▶ Information provided:
────

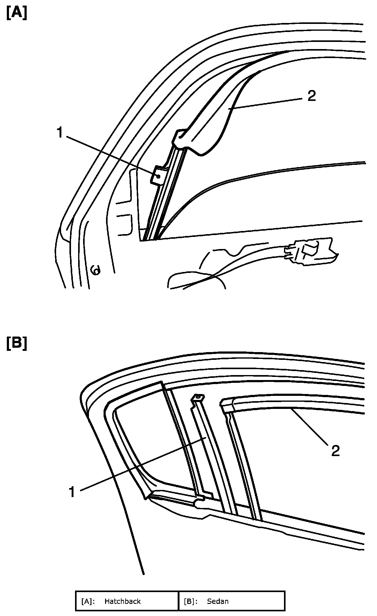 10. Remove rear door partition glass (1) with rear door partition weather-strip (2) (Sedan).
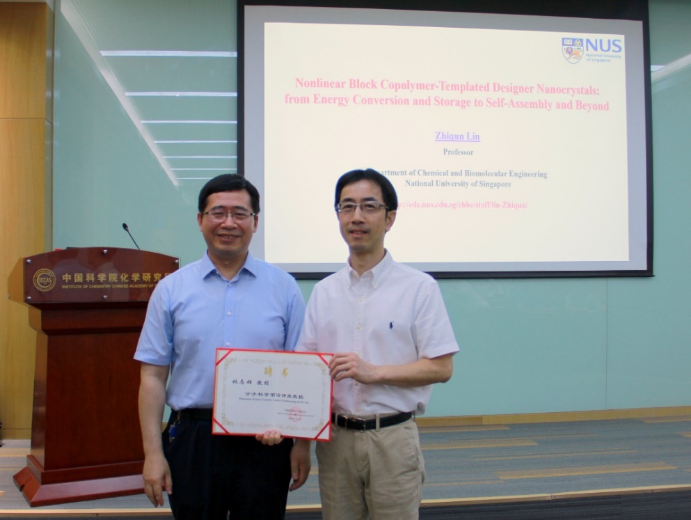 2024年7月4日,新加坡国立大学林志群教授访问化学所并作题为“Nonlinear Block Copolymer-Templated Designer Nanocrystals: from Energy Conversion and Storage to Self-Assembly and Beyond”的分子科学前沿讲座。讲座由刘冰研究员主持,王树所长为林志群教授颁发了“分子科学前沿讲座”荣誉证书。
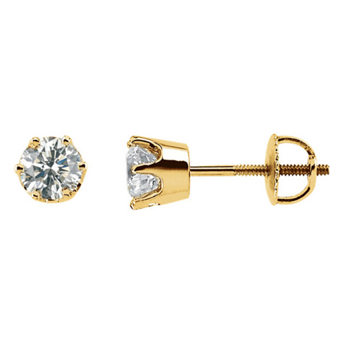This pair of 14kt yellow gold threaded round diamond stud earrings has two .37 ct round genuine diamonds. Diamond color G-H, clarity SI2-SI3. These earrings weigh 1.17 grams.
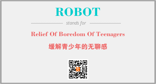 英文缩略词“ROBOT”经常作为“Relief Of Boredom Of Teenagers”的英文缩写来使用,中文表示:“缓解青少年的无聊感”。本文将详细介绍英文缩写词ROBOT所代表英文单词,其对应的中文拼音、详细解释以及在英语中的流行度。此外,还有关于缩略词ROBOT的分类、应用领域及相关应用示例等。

────

▶ What is required: Print each line of the listing, starting at its first and ending with the line that holds "This pair of", but skip any pictures.

▶ Task answer:
 10. Remove rear door partition glass (1) with rear door partition weather-strip (2) (Sedan).
 2024年7月4日,新加坡国立大学林志群教授访问化学所并作题为“Nonlinear Block Copolymer-Templated Designer Nanocrystals: from Energy Conversion and Storage to Self-Assembly and Beyond”的分子科学前沿讲座。讲座由刘冰研究员主持,王树所长为林志群教授颁发了“分子科学前沿讲座”荣誉证书。
This pair of 14kt yellow gold threaded round diamond stud earrings has two .37 ct round genuine diamonds. Diamond color G-H, clarity SI2-SI3. These earrings weigh 1.17 grams.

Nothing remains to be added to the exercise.